**WHAT YOU NEED TO DO:**
From the line containing "PRINTABLE June Weekly" to the line containing "HT366 禾润 2*20W 免电感功放音频芯片IC" in the records below, set down every line exactly as it stands, both ends included, and skip the pictures.
━━━ EXERCISE MATERIALS
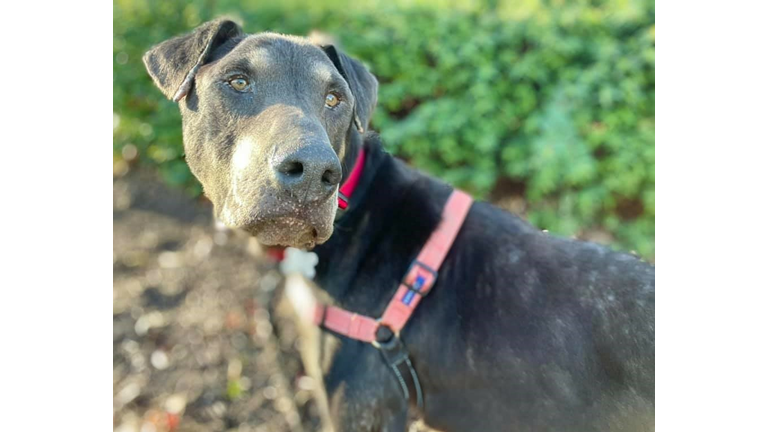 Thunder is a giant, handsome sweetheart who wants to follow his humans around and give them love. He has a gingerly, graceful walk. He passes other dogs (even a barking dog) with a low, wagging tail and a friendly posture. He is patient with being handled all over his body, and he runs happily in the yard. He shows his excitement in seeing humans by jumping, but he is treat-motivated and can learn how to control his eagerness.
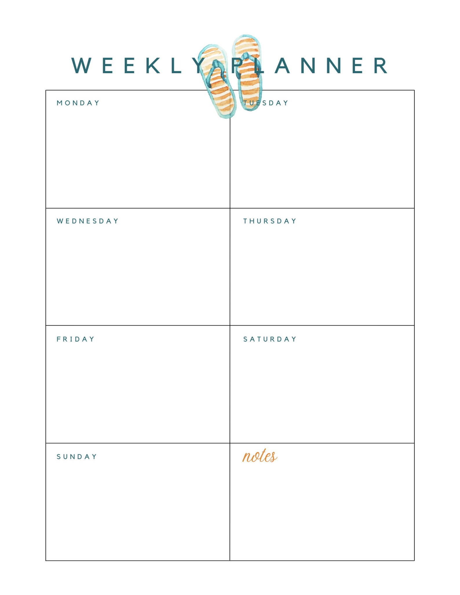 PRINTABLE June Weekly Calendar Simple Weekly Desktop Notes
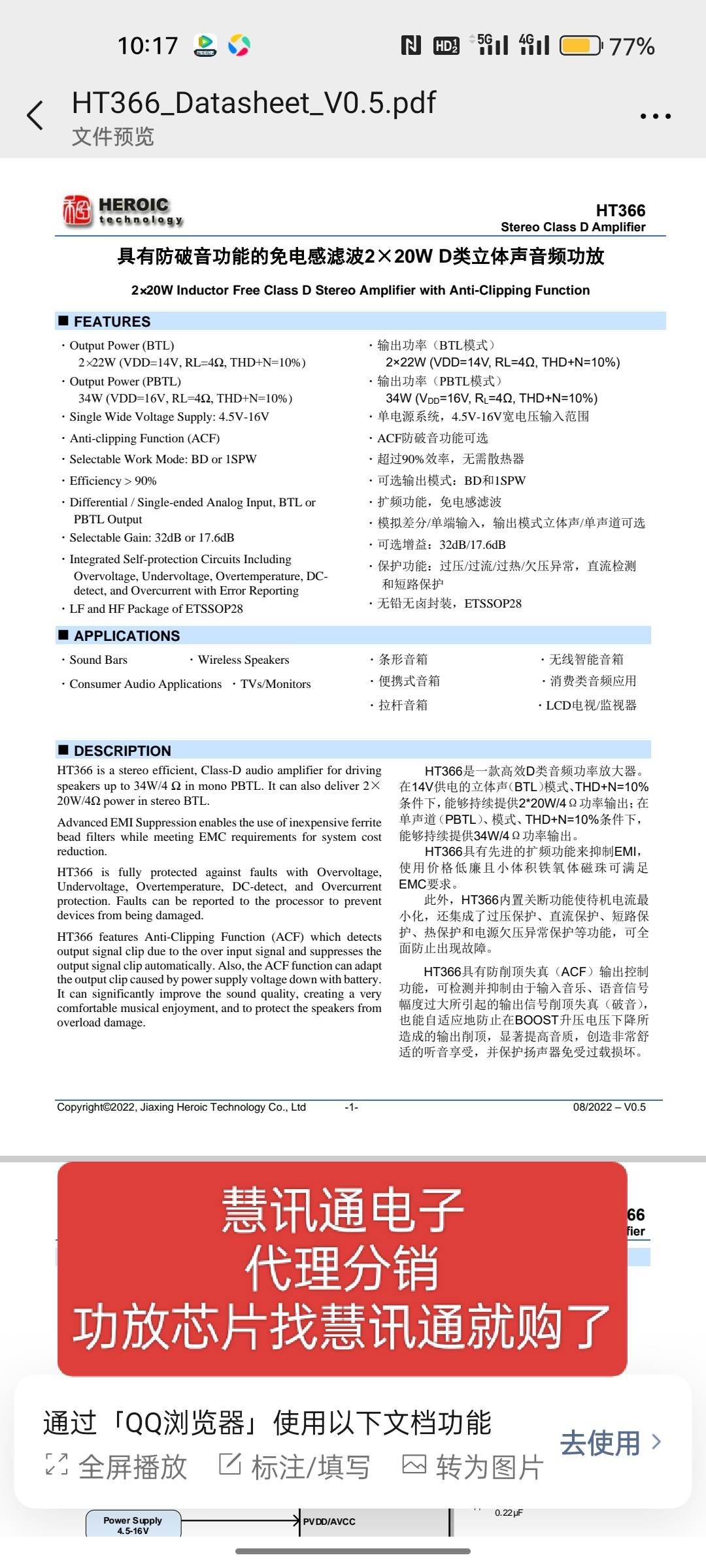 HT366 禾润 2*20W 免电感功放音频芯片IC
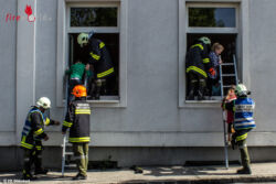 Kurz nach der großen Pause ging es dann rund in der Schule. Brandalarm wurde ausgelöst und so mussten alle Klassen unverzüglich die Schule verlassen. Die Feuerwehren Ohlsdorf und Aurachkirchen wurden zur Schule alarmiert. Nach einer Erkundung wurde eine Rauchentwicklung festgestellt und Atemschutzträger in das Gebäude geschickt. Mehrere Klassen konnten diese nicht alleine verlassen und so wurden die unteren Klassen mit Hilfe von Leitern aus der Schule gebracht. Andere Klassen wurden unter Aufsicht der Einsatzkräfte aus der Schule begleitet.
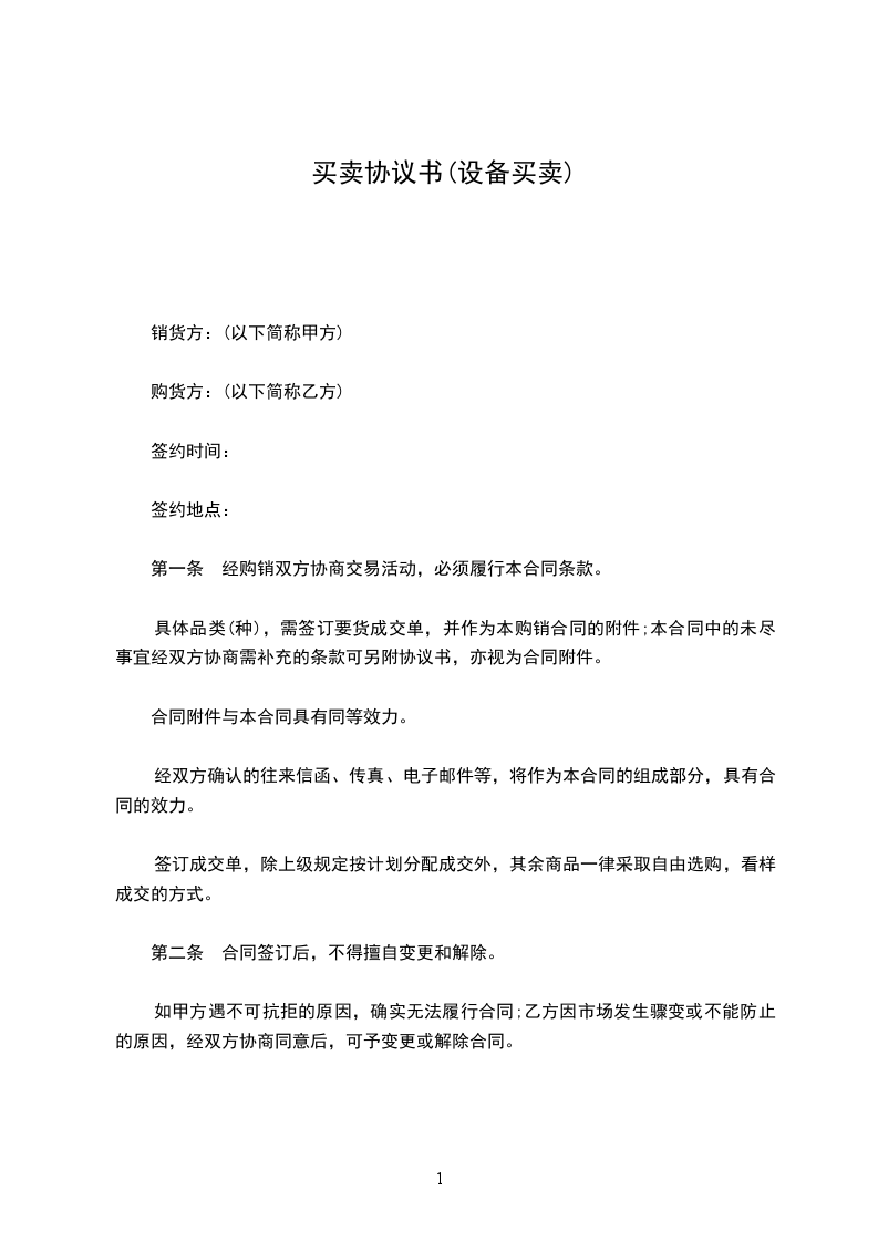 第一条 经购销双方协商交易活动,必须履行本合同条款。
━━━━━━
**TASK RESULT:**
 PRINTABLE June Weekly Calendar Simple Weekly Desktop Notes
 HT366 禾润 2*20W 免电感功放音频芯片IC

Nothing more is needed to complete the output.